Bird flu H5N1 strain of avian influenza was confirmed in a poultry worker in Vietnam, last week. The man has been hospitalized since last saturday and is recovering.
A Vietnamese man who works at a poultry slaughterhouse outside Hanoi has been infected with bird flu, Vietnam’s second human case in less than a month. The man was taken to hospital with fever on May 26 and tests conducted in Vietnam confirmed he had the H5N1 virus, doctor Nguyen Duc Hien who heads the hospital treating the man told the Thanh Nien newspaper.
Last month Vietnam reported its first human case of H5N1 virus infection in a year and a half, a 30-year-old man in a province neighbouring Hanoi who became sick after helping slaughter chickens at a friend’s wedding.
The World Health Organisation (WHO) said it was working with the Vietnamese government to verify that suspected case.
Since 2004, some 270 humans have been infected with bird flu in 10 countries, with about 167 fatalities, mostly in Asia, according to the World Health Organization.
With the flu spreading around the world, the virus has turned up in birds in Asia, Europe and Africa.

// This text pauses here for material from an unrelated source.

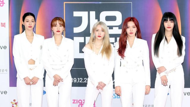 에이오에이(AOA) 설현(왼쪽부터), 유나, 지민, 찬미, 혜정이 2019년 서울 고척돔에서 열린 ‘2019 SBS 가요대전’ 포토콜 행사에 참석해 포즈를 취하고 있다. / 뉴스1

So far, bird flu has mostly been passed from birds either to other birds or, in isolated cases, to humans. In June 2006, WHO reported the first case of human transference of the disease, when an Indonesian man died after catching the flu from his 10-year-old son. If the flu mutates into a strain that can pass more readily from human to human, people will have no immunity and the flu will probably pass rapidly from person to person, creating a pandemic. Flu vaccines can only be made to protect against a particular virus, and, since the virus had yet to be passed from human to human, no vaccine has been developed.